Civilisation is just what happens when human anxiety learns bookkeeping. The story we call “progress” is the same story told eight times in different dialects:
A new tool appears, the world gets bigger, someone panics, and the effort to stop the change creates more of it. It’s a loop, not a line.
We’ve been running that loop since the first farmer decided the wild grain outside the campfire should stay put. That was the moment the world tipped.
Bread was humanity’s first food invention and its first trap — the prototype for every “can’t go back” in history. Once you can store food, you can own it; once you can own it, you can fear losing it. And that’s the kernel of everything that followed: fear turned into ritual, ritual turned into law, law turned into empire, and empire turned into a machine.
Each era built its defences against novelty and called them virtues. Every one of them eventually fell to the very thing it tried to suppress.
The priests of the early fields built calendars to control the seasons and ended up inventing bureaucracy.
The emperors of order burned or crucified heretics to preserve faith and created science instead.
The kings of print censored pamphlets and gave birth to democracy.
The industrial planners sought perfection and produced total war.
The broadcasters promised consensus and built propaganda.
The network builders promised freedom and delivered addiction and control.
And yet, each collapse left behind one small gift: adaptability. The ruins always taught us how to move a little faster, coordinate a little wider, think a little more plural.

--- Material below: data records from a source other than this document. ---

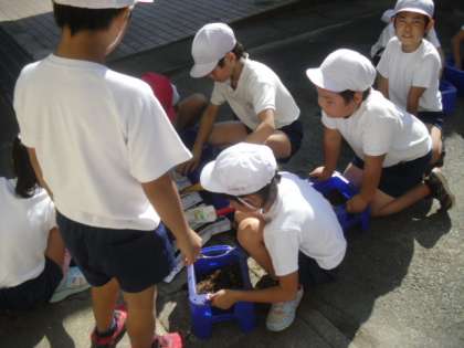今日は,生活科の学習でキャベツの種をまきました。ミニトマトの学習を終え,新しい土を入れて,小さな小さな種をまきました。少し気を抜くとすぐに失くしてしまいそうでした。こんな小さな種が大きなキャベツになるのかな。明日から毎日水やりを頑張ります!!
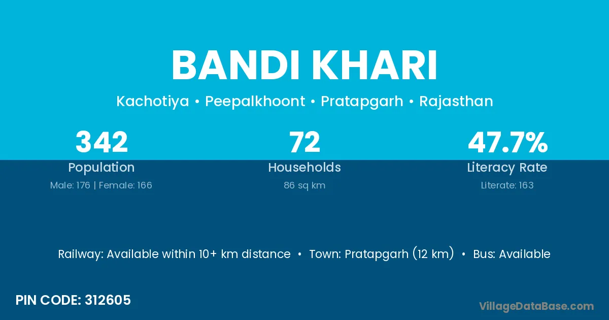 Pratapgarh (12 km) is the nearest town to Bandi Khari village for major economic activities and is located approximately 12 km away.
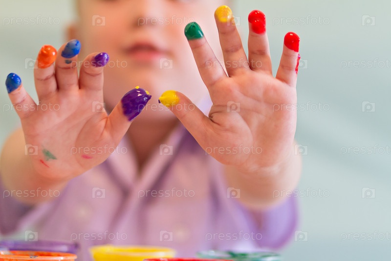 Мальчик рисует красками
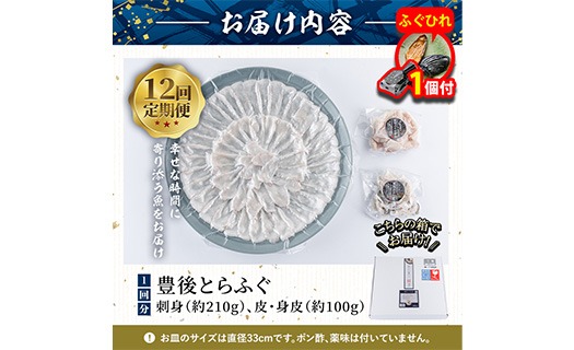 【期間限定・ふぐひれ付】<定期便・全12回 (連続)> 豊後 とらふぐ 刺身 セット (総量約3.7kg:4-5人前×12回) とらふぐ ふぐ フグ ふぐ刺し フグ刺し ふぐ刺身 フグ刺身 刺身 鮮魚 冷凍 養殖 国産 大分県 佐伯市 【AB199-G】【柳井商店】
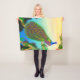 Original fine art design of an elegant blue Indian peacock by artist Carolyn McFann printed on a quality fleece blanket for wild bird fans of all ages.
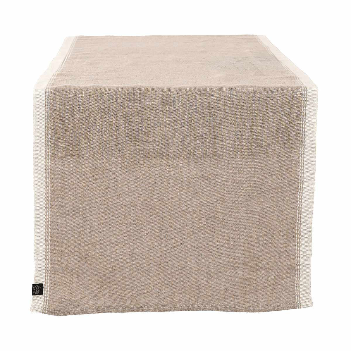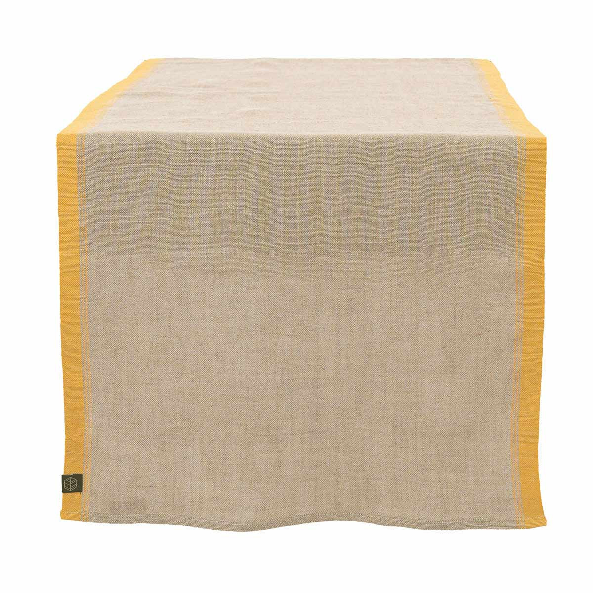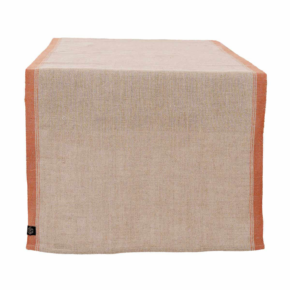 Chemin de table Havana Haomy (48x160 cm) en lin lavé et coton. Design épuré avec bord coloré et liserés. Certifié Oeko-Tex & Master of Linen. Chic naturel.
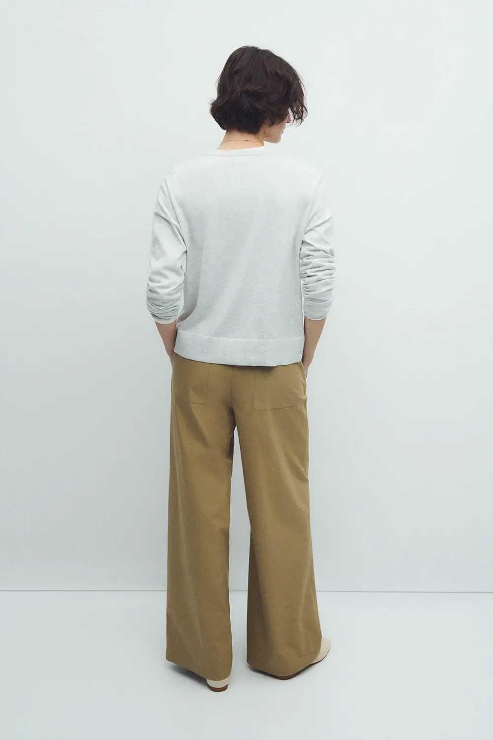 Pantalón largo de tiro alto en tejido 100% algodón BCI. Cinturilla con goma elástica trasera. Cierre de botón y cremallera. Detalle de pinzas en cintura. Fitting de pierna ancha. En color oliva.
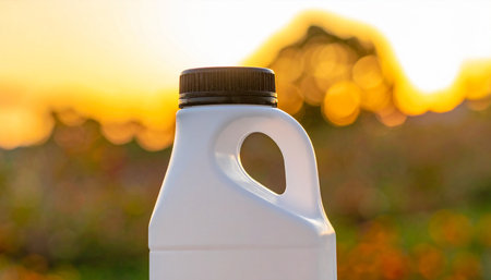 A white plastic jug with a black cap and handle is positioned in the foreground against a blurred golden sunset.
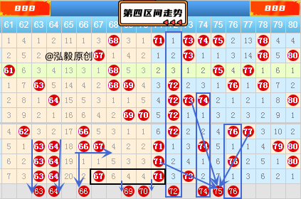 上图中方形状态的63 64号是属于3重号类型,上期的三重号开出了4组之多,回顾历史期数中,只要一期当中同时出现两组三重号的情况下,下一期出四重号的概率是非常大了,所以本期的四重号23 63 64 71也是我们重点照顾对象了。69 70号是属于空三类型的中间数,而且连号69 70已经同事遗漏4期了,在此条件下是不容错过的。72号是属于夹号类型,同时也是4期连续对称类型,本期4期连续对称类型的还有28 53号,但是近两期内这种对称类型的号码没有出过,所以本期我们在考虑对称类型的组合时要慎重考虑,最好是等它出过该种类型的情况下我们在下手最为稳妥。好了,本期分析就到这里了。
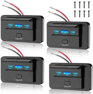 78W 4 Port 12V USB Outlet Wall Mount, Dual 36W PD & Dual 18W QC3.0 Lightweight Surface Mount Charger Socket Panel with Button Switch for Bus RV Truck Marine Golf Cart

This series, When the Fields Fought Back, isn’t about technology.
It’s about the emotional life cycle of civilisation—the way every new medium or idea amplifies our oldest fear: that difference or change will undo us. That fear has justified every crusade, empire, purity law, and “return to order” since the invention of the plough. It’s also what keeps inventing the future and how Ukraine fits into that future.

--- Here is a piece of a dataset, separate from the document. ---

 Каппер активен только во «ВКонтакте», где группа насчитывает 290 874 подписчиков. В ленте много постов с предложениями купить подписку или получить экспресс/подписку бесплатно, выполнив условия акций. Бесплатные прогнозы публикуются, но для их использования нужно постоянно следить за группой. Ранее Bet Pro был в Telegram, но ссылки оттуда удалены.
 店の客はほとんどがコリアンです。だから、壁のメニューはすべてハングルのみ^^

We still run the same software: the belief that if we can just organise the world properly—through temples, markets, political parties, algorithms—chaos will stop knocking.
It never does. The gods of old demanded sacrifice; the gods of modernity demand optimisation and efficiency. Either way, we keep feeding them.
What you’ll read here is one continuous story told through different masks:
Bread and the Gods.
Empires of Order.
The Paper Earth.
Total War, Total Media.
The Broadcast Century.
The Network Harvest.
The Restoration Bloc.
And finally, The Restoration Paradox.
It’s a story about how every attempt to restore the past accelerates the future,
how every fight against difference breeds new forms of it, and how every age mistakes its own architecture for eternity.
“The technium is not a collection of inventions,” wrote Kevin Kelly, “but a living system that keeps creating new possibilities.”
That’s the theme running through this series: technology as evolution’s next nervous system, and us—an anxious species still convinced the next harvest will finally be enough.
This is not a chronicle of optimism or despair.
It’s a field guide to pattern recognition.
History doesn’t repeat, but it does rhyme,
And right now, the fields are stirring again.





All these things are true, but whither AI, Matt?
I fear we’ll not suffer some future Butlerian jihad, but rather generations of unparalleled tyranny and/or unparalleled hallucination-driven paralysis at the hands of a naively conceived panopticon/panoptimizer — followed by ecosystem collapse.
We’re going to need an ANTIFAI to get through what’s already here & what’s still to come.
But I’m already enlisted for that fight: I’ve seen this pattern emerging for my adult life, and baby I was born to fight for justice for all.